INPUT RECORDS:
##########

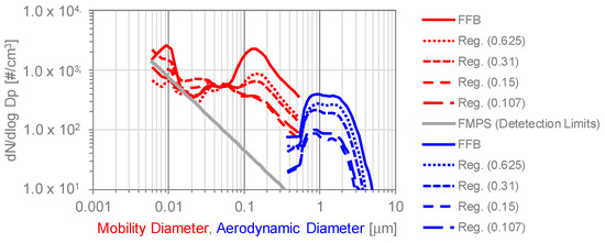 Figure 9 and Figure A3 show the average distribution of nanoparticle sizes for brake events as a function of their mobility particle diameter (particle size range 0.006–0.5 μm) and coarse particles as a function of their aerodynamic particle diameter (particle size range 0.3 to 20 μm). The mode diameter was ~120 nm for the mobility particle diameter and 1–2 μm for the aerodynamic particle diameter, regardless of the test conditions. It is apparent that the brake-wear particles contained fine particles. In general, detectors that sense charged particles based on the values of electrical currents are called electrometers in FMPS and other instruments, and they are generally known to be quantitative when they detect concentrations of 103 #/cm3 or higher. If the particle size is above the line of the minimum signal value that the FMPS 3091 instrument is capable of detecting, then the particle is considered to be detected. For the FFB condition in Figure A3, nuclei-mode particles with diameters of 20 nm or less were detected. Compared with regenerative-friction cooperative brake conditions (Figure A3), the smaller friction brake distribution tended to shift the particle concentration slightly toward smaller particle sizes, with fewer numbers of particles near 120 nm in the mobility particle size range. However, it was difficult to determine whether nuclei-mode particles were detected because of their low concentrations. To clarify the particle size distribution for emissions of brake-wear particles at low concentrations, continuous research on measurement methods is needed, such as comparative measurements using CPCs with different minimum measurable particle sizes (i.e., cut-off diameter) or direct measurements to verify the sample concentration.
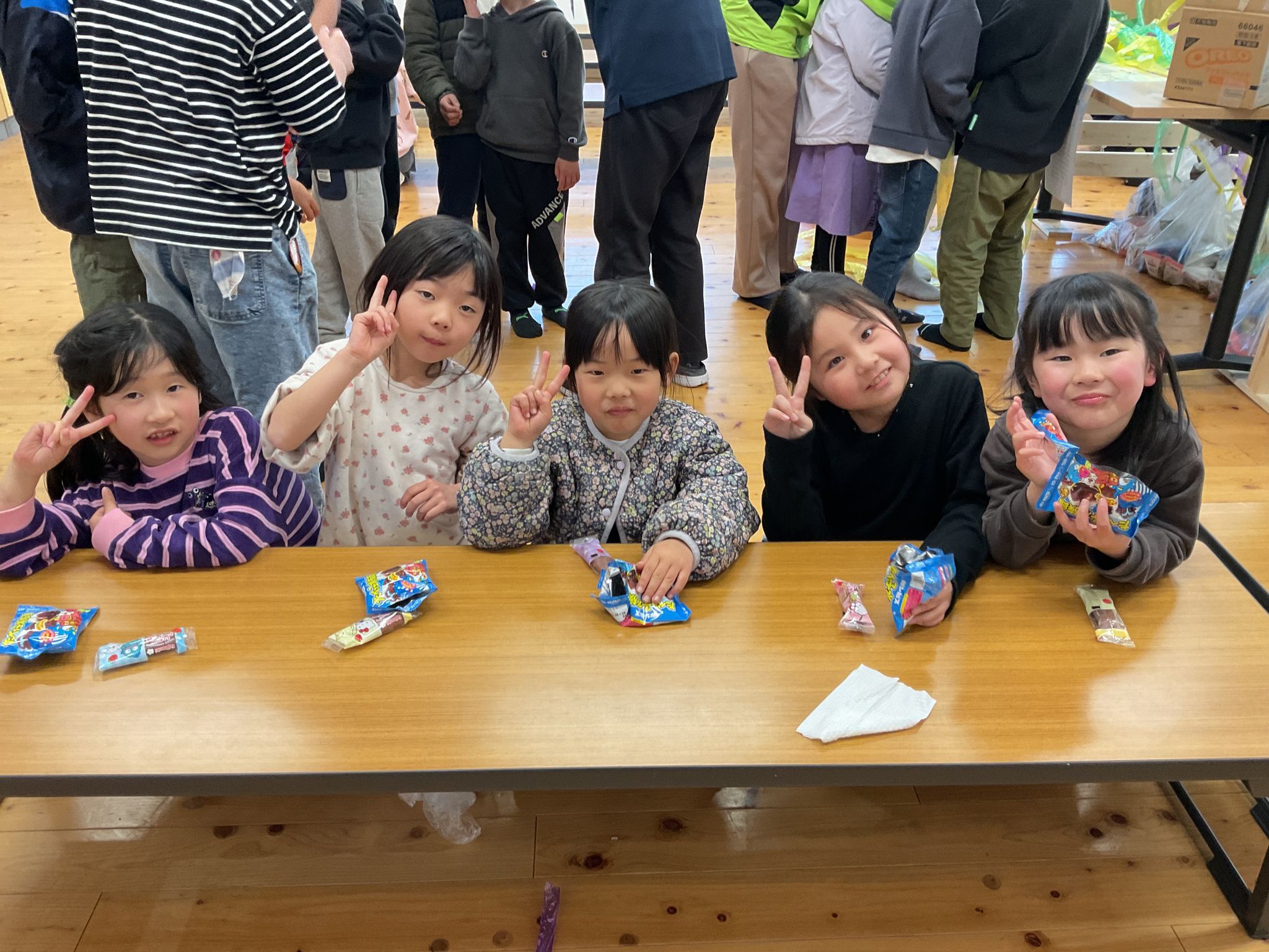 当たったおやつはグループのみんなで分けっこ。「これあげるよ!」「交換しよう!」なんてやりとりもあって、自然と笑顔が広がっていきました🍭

##########

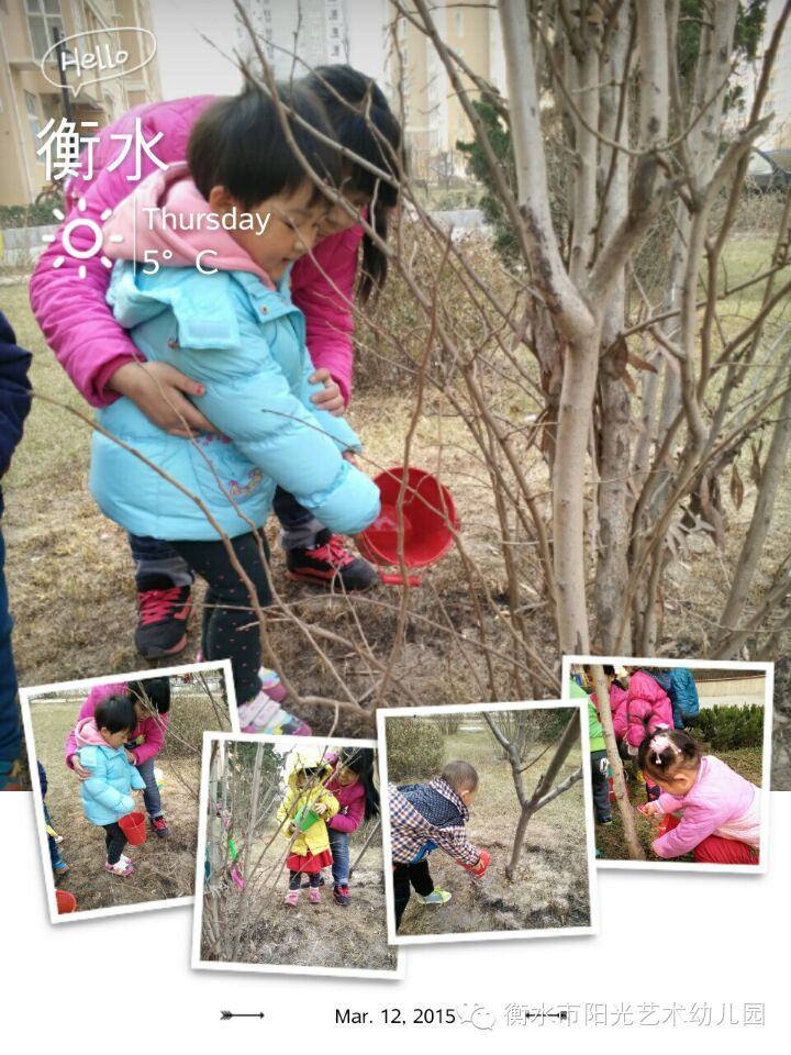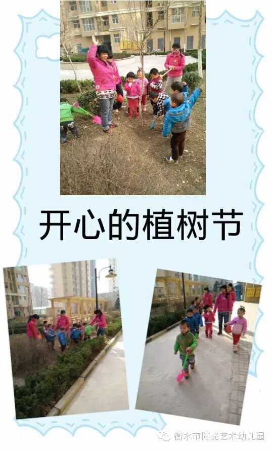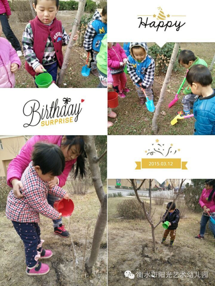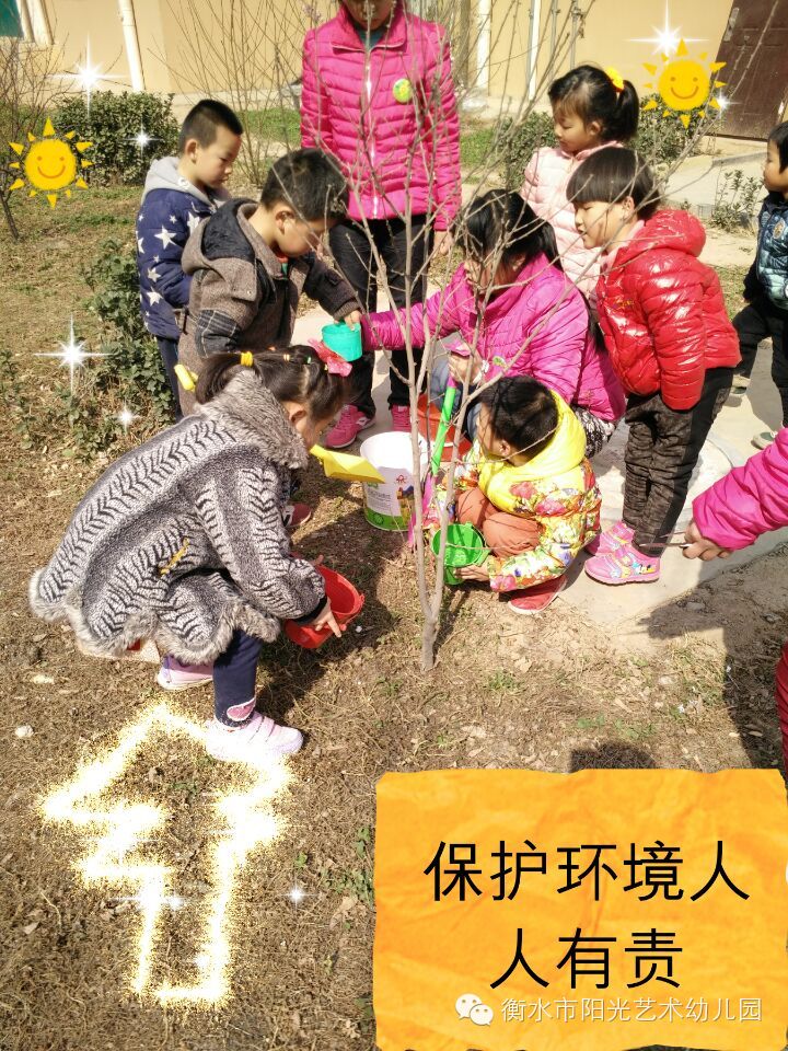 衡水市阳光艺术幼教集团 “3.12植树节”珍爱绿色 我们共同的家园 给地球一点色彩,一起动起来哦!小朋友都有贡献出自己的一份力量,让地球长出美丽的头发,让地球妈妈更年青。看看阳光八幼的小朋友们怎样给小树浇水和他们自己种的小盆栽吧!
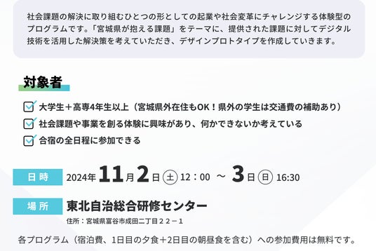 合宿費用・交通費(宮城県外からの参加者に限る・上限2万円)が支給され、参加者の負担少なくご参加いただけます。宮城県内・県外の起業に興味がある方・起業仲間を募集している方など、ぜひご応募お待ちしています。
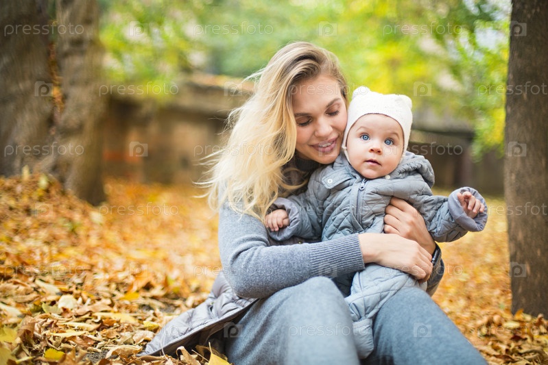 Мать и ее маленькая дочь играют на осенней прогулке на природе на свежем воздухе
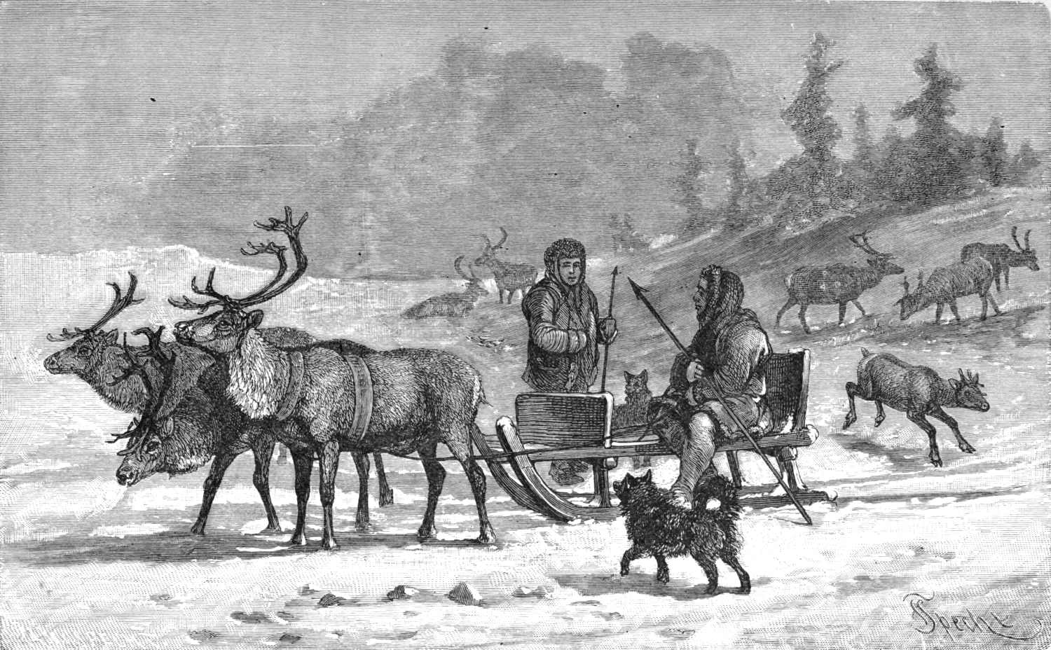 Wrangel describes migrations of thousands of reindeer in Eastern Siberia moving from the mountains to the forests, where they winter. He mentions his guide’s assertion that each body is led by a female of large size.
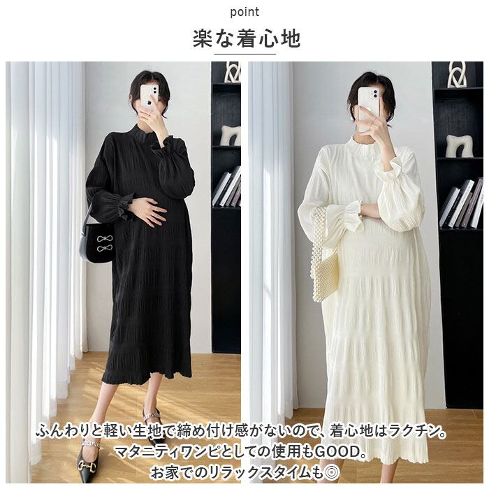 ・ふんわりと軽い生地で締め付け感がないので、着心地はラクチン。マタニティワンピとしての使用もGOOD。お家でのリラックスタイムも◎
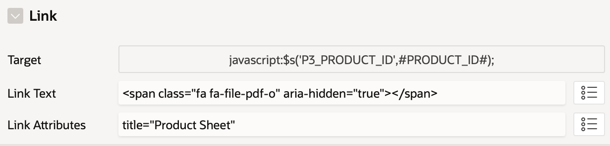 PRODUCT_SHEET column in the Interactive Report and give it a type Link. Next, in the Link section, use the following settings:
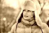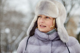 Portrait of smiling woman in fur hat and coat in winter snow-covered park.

##########

TO DO:
No picture is to be printed. Output exactly the lines above from the line containing "PRODUCT_SHEET column in" through the line containing "Portrait of smiling".

TASK RESPONSE:
 PRODUCT_SHEET column in the Interactive Report and give it a type Link. Next, in the Link section, use the following settings:
 Portrait of smiling woman in fur hat and coat in winter snow-covered park.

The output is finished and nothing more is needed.